Comment: The -n specifies the total number of processing elements (PE) and -N the PEs per node. The -n has to be less or equal to 32*<number_of_nodes> and -N less or equal to 32. Finally, the -n value divided by the -N value has to be less or equal than the <number_of_nodes>. You can increase the number of nodes as needed and vary the remaining parameters accoridingly.

  • Description: Pure MPI application on two nodes in wide-AVX mode (no OpenMP)
 <number_of_nodes>:  2
 <aprun_command>:  aprun -n 32 -N 16 -d 2 <exe>

Comment: The -d 2 is used to place the PEs evenly among the cores on the node. This doubles the memory bandwidth and floating point unit per PE.

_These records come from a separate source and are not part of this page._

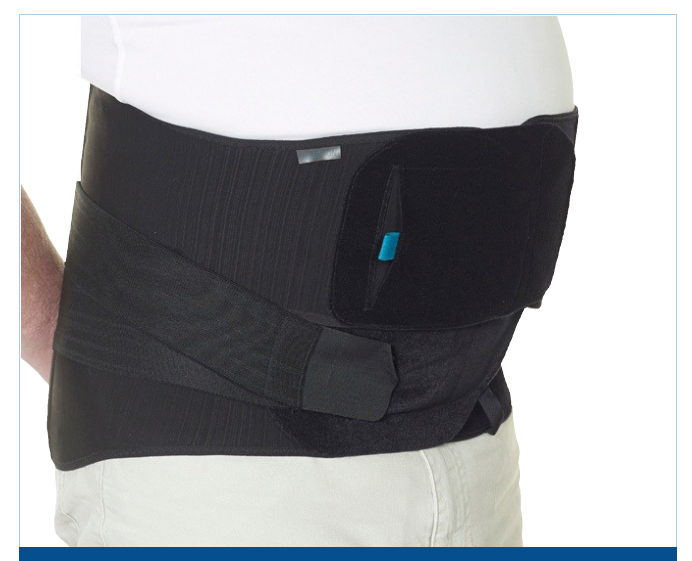
Selection Back Wide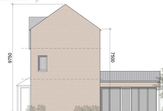
GABLE ELEVATION 1:200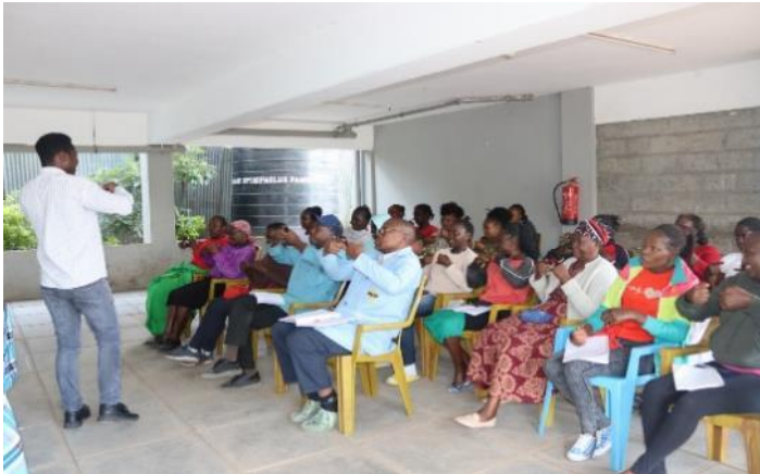
Parent training session

Training opportunities at the Centre are designed to empower staff, students, and community members with practical knowledge about children with disabilities. Our Sign Language classes, conducted 3 days a week for 2 hours, equip participants with a valuable skill. Parents are offered speech therapy sessions to ensure they can effectively integrate the learnings at the Centre into their home environment. These sessions cover the importance of speech, the brain's role in speech production, common speech disorders, and the symptoms of a child with speech challenges, giving parents the tools they need to support their child.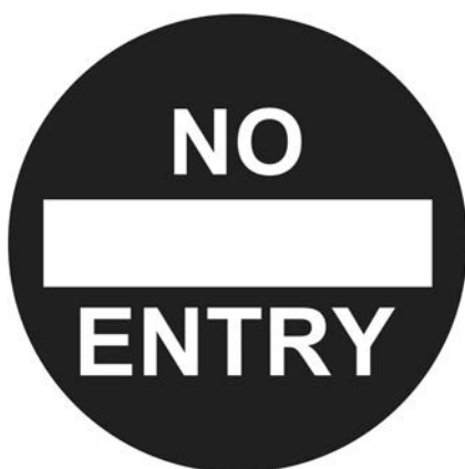
Figure 3.2 Polysemiotic verbal and nonverbal visual text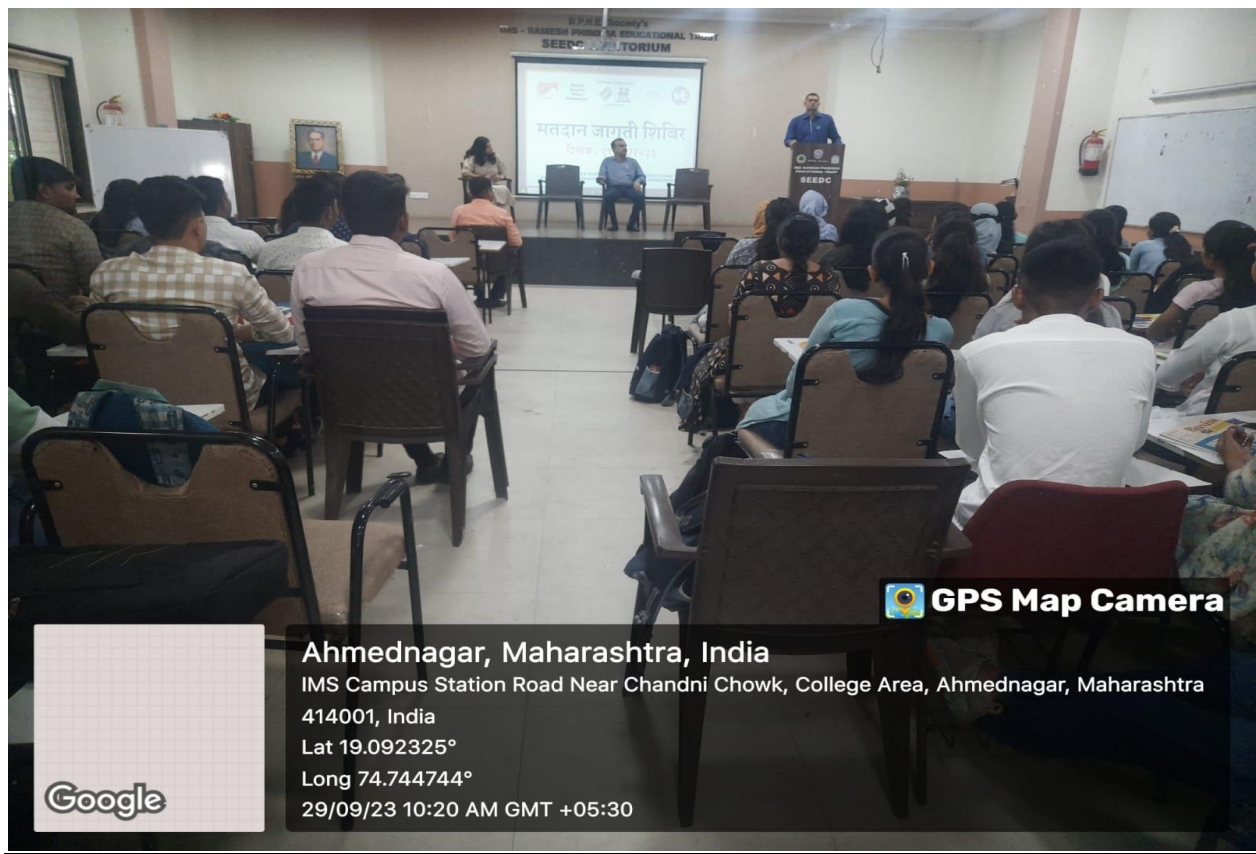
Electoral Literacy Program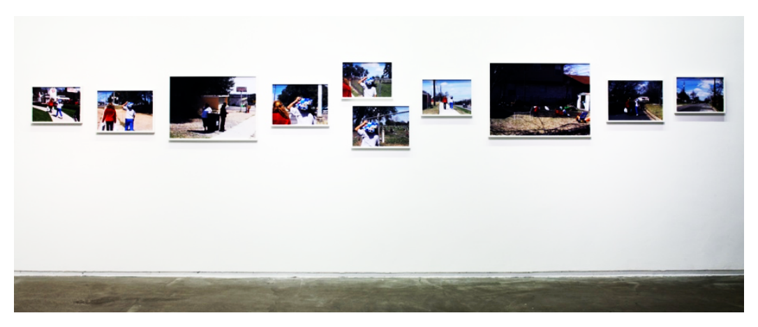
Figure 10: Installation view of Paul Graham, Austin, Texas 2006 at The Douglas Hyde Gallery, Dublin 2012.

One and the same photographic sequence affords something completely different in a public exhibition space than in a private gallery. In a museum, viewing the work educates the viewer aesthetically. In 2012, the photographical sequence Austin, Texas was shown at The Douglas Hyde Gallery, Dublin (fig. 10). The arrangement of the photographs is slightly different. The pictures are hanging on a single wall and the viewer can approach them orthogonally. Once again, the hanging was done by the artist himself.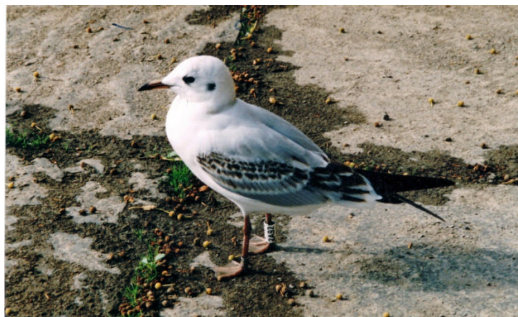
A young Black Headed Gull - 2A92 - which was ringed June 2004 at Lake 9 as a chick and sighted in Cheshire September 2004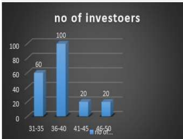
Chart No 1

The plan called for exactly fifty percent of Devgad's entire population of two hundred individuals to fall within the age range of thirty-six to forty years old. There were exactly two hundred people living in Devgad. In addition to the people who were between the ages of 31 and 30, who were a part of the second cohort, the third cohort was made of people who were between the ages of 31 and 40. Thirty percent of those who belonged to the second age group, more specifically those whose ages varied from 41 to 45 as well as those whose ages spanned from 46 to 50, participated in the survey.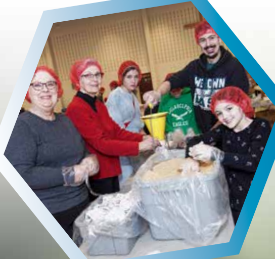
Over 130 volunteers packaged 15,120 meals for Rise Against Hunger on MLK Day of Service.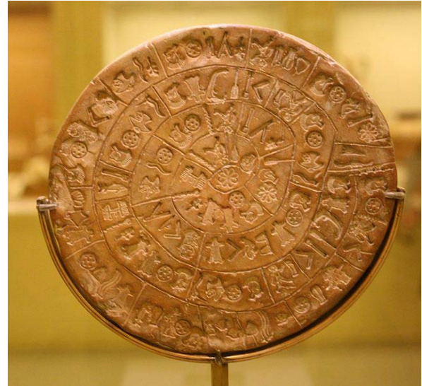
Figure 4: Phaistos Disk (clay tablet, side A, 2 nd mill. BC, Archaeological Museum of Heraklion). 44

  • Description: Mixed (Hybrid) MPI OpenMP application on two nodes
 <number_of_nodes>:  2
 <nt>: 8
 <aprun_command>:  aprun -n 8 -N 4 -d $OMP_NUM_THREADS <exe>

Comment: In addition to the constraints mentioned above, the -d value times the -N value has to be less or equal to 32. This configuration runs one processing element per NUMA domain and each PE spawns 8 threads.

XC30 Platform

The compute nodes of the XC30 platform Hornet feature two SandyBridge processors with 8 cores and one NUMA domain each resulting in a total of 16 cores and 2 NUMA domains per node. One conceptual difference between the Interlagos nodes on the XE6 and the SandyBridge nodes on the XC30 is the Hyperthreading feature of the SandyBridge processor. Hyperthreading is always booted and whether it is used or not is controlled via the -j option to aprun. Using -j 2 enables Hyperthreding while -j 1 (the default) does not. With Hyperthreading enabled, the compute node on the XC30 disposes 32 cores instead of 16.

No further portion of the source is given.